### TASK INPUT:
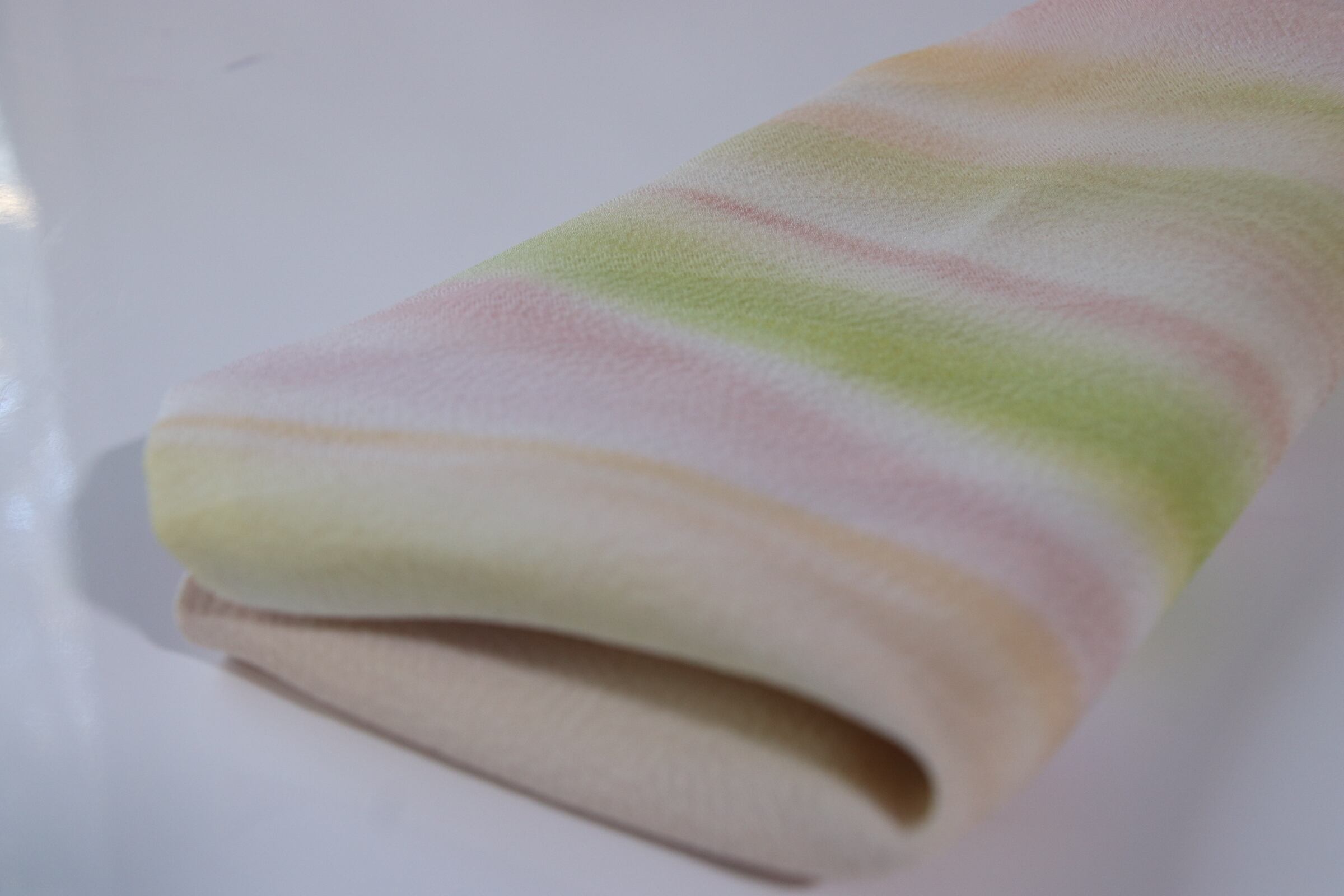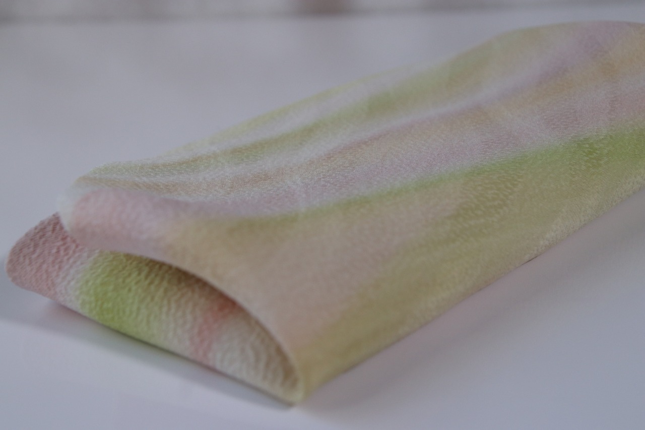 染め方は、「風彩染」という独自の手描き技法です。1200年あるぼかし染めの歴史で、唯一無二の、商標を持つ染め技法になります。
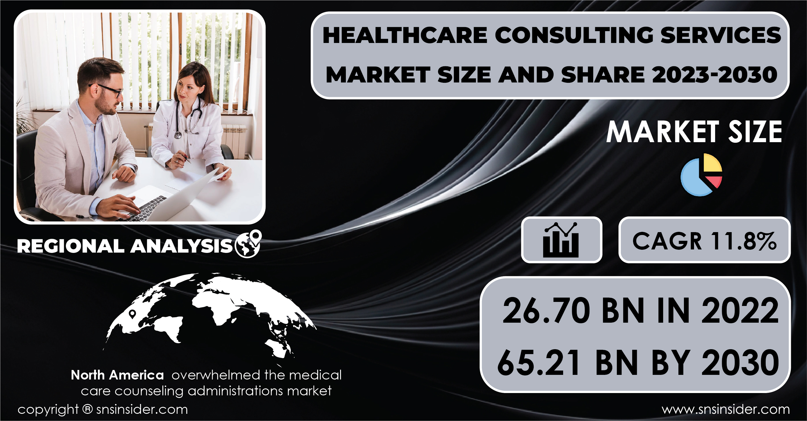 AUSTIN, TEXAS, UNITED STATES, March 19, 2024 /EINPresswire.com/ -- According to SNS Insider, the Global Healthcare Consulting Services Market was valued at $26.70 billion in 2022 and is projected to reach $65.21 billion by 2030, growing at a CAGR of 11.8% during the forecast period.The healthcare consulting services market report provides a comprehensive analysis of the current trends, growth, size, share, challenges, and opportunities in the industry. The report also examines the competitive landscape, regulatory framework, and market dynamics shaping the future of healthcare consulting services.
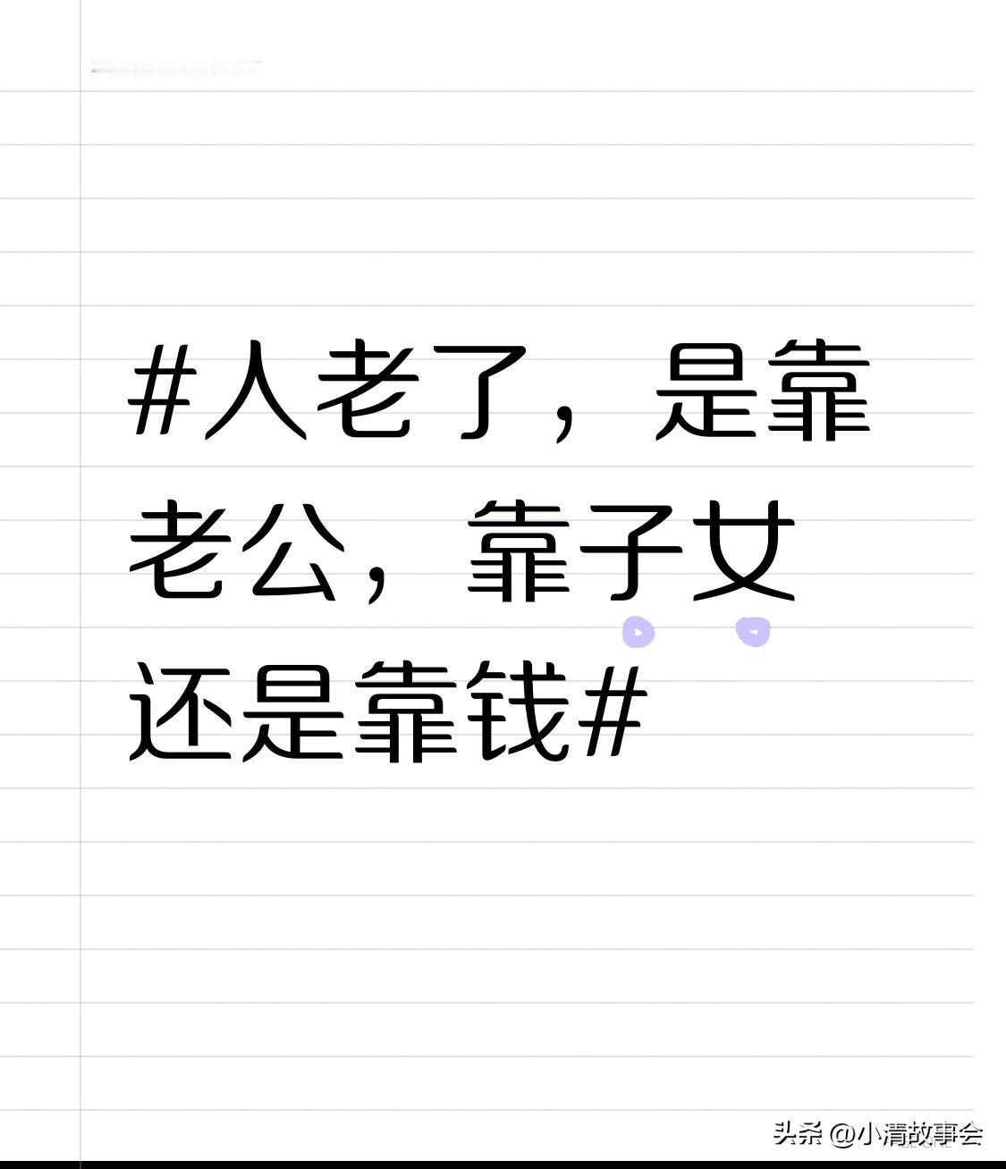 人老了,靠老公、子女还是钱,这问题真挺现实。 靠老公,年轻时携手走过风雨,老来相互陪伴是很美好。他知道你爱吃啥、怕啥,起夜能扶一把,生病能递杯水。可年纪大了,谁也保不准身体咋样,要是他身体比你还差,或者感情变疏远,就指望不上了。 靠子女,“养儿防老”观念深入人心,但他们有自己的生活和压力,能偶尔看望、打个电话就不错,不好过多拖累。 相比之下,钱才最靠谱。看病不求人,消费不看脸色,请护工也有底气。人老了,钱能给尊严,让人活得硬气。所以啊,还是得有点钱傍身。
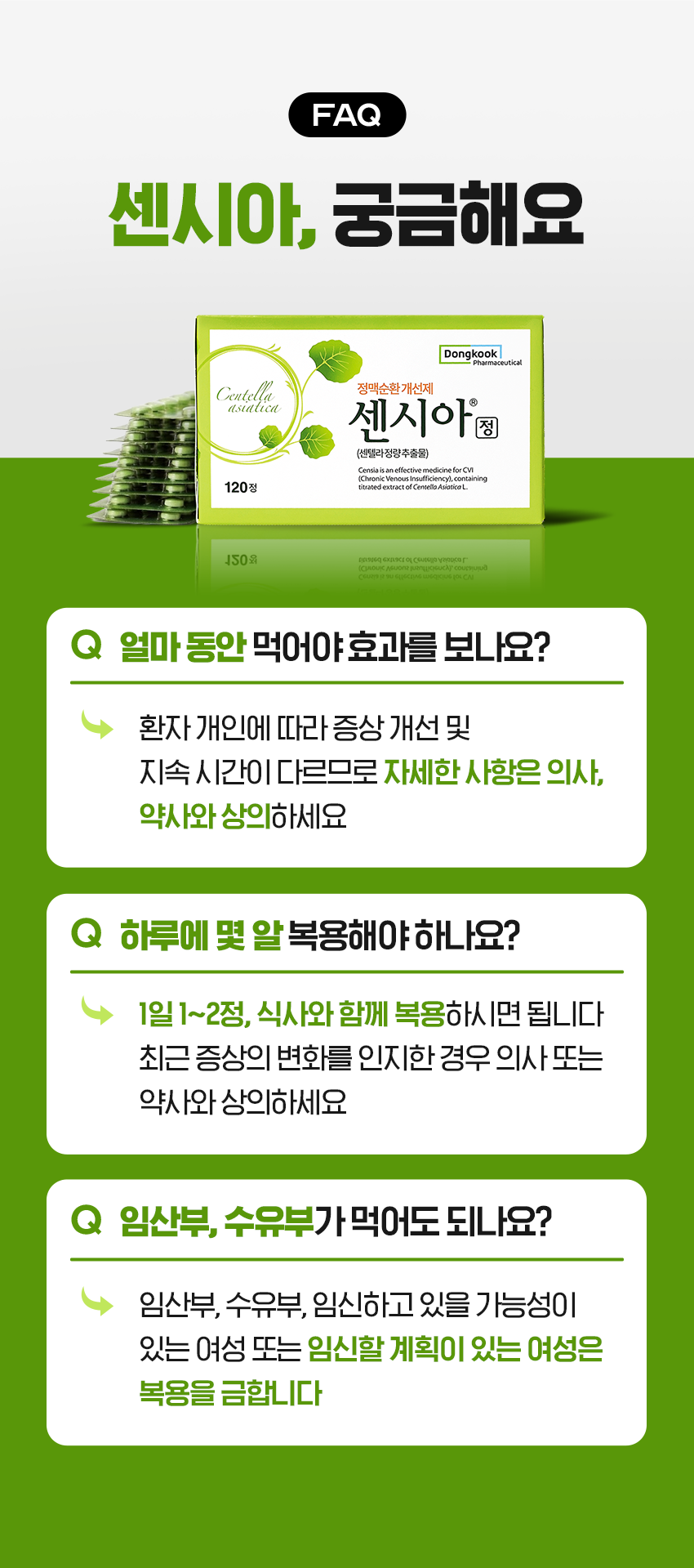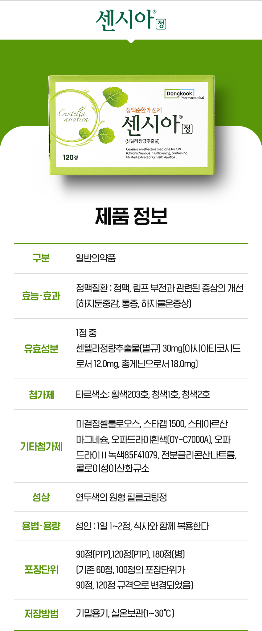 정맥질환 : 정맥, 림프 부전과 관련된 증상의 개선 (하지둔중감, 통증, 하지불온증상) |
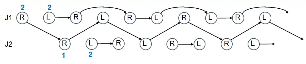 - J1 démarre en en premier: J1 envoie une passe en double (haute, équivalent de 4.5 temps) de sa main droite vers la main gauche de J2 (passe droite).

### TASK TO CARRY OUT:
Could the data be reproduced exactly, with the pictures omitted?

### COMPLETED EXERCISE:
 染め方は、「風彩染」という独自の手描き技法です。1200年あるぼかし染めの歴史で、唯一無二の、商標を持つ染め技法になります。
 AUSTIN, TEXAS, UNITED STATES, March 19, 2024 /EINPresswire.com/ -- According to SNS Insider, the Global Healthcare Consulting Services Market was valued at $26.70 billion in 2022 and is projected to reach $65.21 billion by 2030, growing at a CAGR of 11.8% during the forecast period.The healthcare consulting services market report provides a comprehensive analysis of the current trends, growth, size, share, challenges, and opportunities in the industry. The report also examines the competitive landscape, regulatory framework, and market dynamics shaping the future of healthcare consulting services.
 人老了,靠老公、子女还是钱,这问题真挺现实。 靠老公,年轻时携手走过风雨,老来相互陪伴是很美好。他知道你爱吃啥、怕啥,起夜能扶一把,生病能递杯水。可年纪大了,谁也保不准身体咋样,要是他身体比你还差,或者感情变疏远,就指望不上了。 靠子女,“养儿防老”观念深入人心,但他们有自己的生活和压力,能偶尔看望、打个电话就不错,不好过多拖累。 相比之下,钱才最靠谱。看病不求人,消费不看脸色,请护工也有底气。人老了,钱能给尊严,让人活得硬气。所以啊,还是得有点钱傍身。
 정맥질환 : 정맥, 림프 부전과 관련된 증상의 개선 (하지둔중감, 통증, 하지불온증상) |
 - J1 démarre en en premier: J1 envoie une passe en double (haute, équivalent de 4.5 temps) de sa main droite vers la main gauche de J2 (passe droite).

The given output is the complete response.